Our mixed model framework required an available sample specific to each
individual lynx; however, since our available landscape was common to
all lynx, we used a bootstrap procedure to refit the model with a
different random sample of all systematic points to verify model
performance. We performed 1000 bootstrap iterations that randomly
sampled each lynx’s used and all available crossing points with
replacement and fitted all 28 candidate models at each iteration. We
used AIC values for model selection, and verified this using the number
of times each model was ranked best across bootstrap iterations. We then
spatially extrapolated our best-performing model to predict probability
of crossing along major highways in western Colorado above 2000 m asl
elevation.
2.4. Predictor covariates
We quantified fine-scale vegetation covariates at crossing points with eight plots aligned in an “X” configuration (Appendix B1; Fig. 2).

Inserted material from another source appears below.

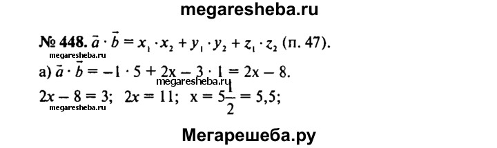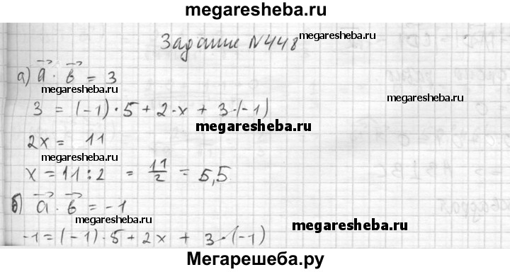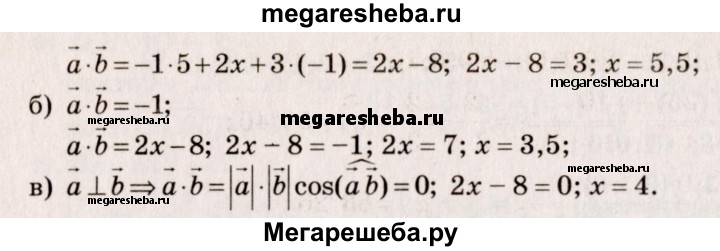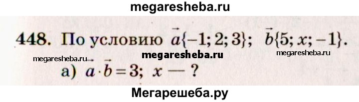 448. Даны векторы а {-1; 2; 3} и b{5; х; -1}. При каком значении х выполняется условие: a) вектор ab = 3; б) вектор ab = -1; в) вектор a перпендикулярен вектору b?

At each vegetation plot, we quantified tree basal area with a 10-factor
prism and recorded diameter at breast height (DBH) by species. We also
measured vegetative horizontal cover in each cardinal direction using a
cover-board viewed at 10 m away, consistent with Squires et al. (2010).
We measured distance to vegetative cover as the shortest distance to
continuous vegetation greater than 2 m tall and in patches >25 m2. We measured roadside covariates at three points to account for the spatial uncertainty of crossing locations (Appendix B1; Fig. 2).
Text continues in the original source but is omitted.